Greece sneezes. Will Italy catch a cold?
Greece’s surprise call for a referendum on its new bailout deal dashed hopes that the latest plan of attack for the euro zone would soothe sickly financial markets. It also set off some warning bells in the bond market that could again ratchet up the pressure on Italy.
Italian debt was hit hard by the referendum news, particularly at the short-end. Ten-year yields also rose sharply to 6.37 percent — the highest since August, when the ECB first began intervening in the secondary market. Analysts flagged the dangers of a bear flattening in the Italian bond yield curve. Rabobank says:
The Italian curve rapidly morphs into a credit curve the like of which preceded previous bailouts. Clearly, time is rapidly running out in terms of drawing a line under the crisis – not least owing to the fact that Italian yields are very quickly moving into territory where its ability to finance itself is in question.
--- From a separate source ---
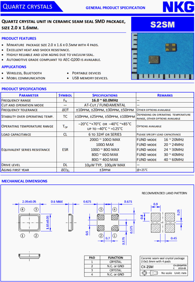 NKG超小型晶體,胎壓監(jiān)測(cè)裝置晶振,S2SM24.5760F12MYY-EXT貼片晶振,NKG晶振公司,無(wú)源晶振,貼片晶振,超小型晶振,2520晶振,液晶儀表盤(pán)晶振,石英晶振,耐高溫晶振,汽車(chē)多媒體設(shè)備晶振,6G通訊設(shè)備晶振,6G網(wǎng)絡(luò)終端晶振,無(wú)源晶振,貼片晶振。石英晶體單元在陶瓷縫密封SMD封裝,尺寸25. x 2.0mm。產(chǎn)品特點(diǎn):微型包裝尺寸2.5 x 2.0 x 0.5mm,有4個(gè)襯墊。優(yōu)異的耐熱性和抗震性。真空密封,可靠性高,老化率低。符合AEC-Q200標(biāo)準(zhǔn)的汽車(chē)級(jí)產(chǎn)品可供選擇。應(yīng)用范圍:無(wú)線、藍(lán)牙、移動(dòng)通訊、便攜設(shè)備、USB存儲(chǔ)設(shè)備

Nick Stamenkovic, strategist at RIA Capital Markets, echoed the sentiment:
If we continue at this pace we will be going down the same route as Greece, Ireland and Portugal and then they will have to come in and support Italy.
The ECB will have to up its bond-purchases if it wants to prevent Italian yields from rising towards 7 percent — a level beyond which funding costs are perceived as unsustainable, analysts said.
Equity markets also took a spill as risk-aversion made a comeback. European stocks fell more than 3 percent, Bund futures rallied more than 300 ticks at one point and peripheral bonds struggled. As analysts at Capital Economics put it:
(The referendum) clearly increases the risks both of a bigger and disorderly default on Greek debt and, ultimately, of Greece leaving the euro.
Gary Jenkins of Evolution Securities called it a “political gamble”:
The Prime Minister will be hoping for a vote in favour to strengthen his mandate, but if the Greek population votes against, it will leave the IMF and Greece’s European partners in a very difficult situation and seriously increases the risk of an exit from the currency union.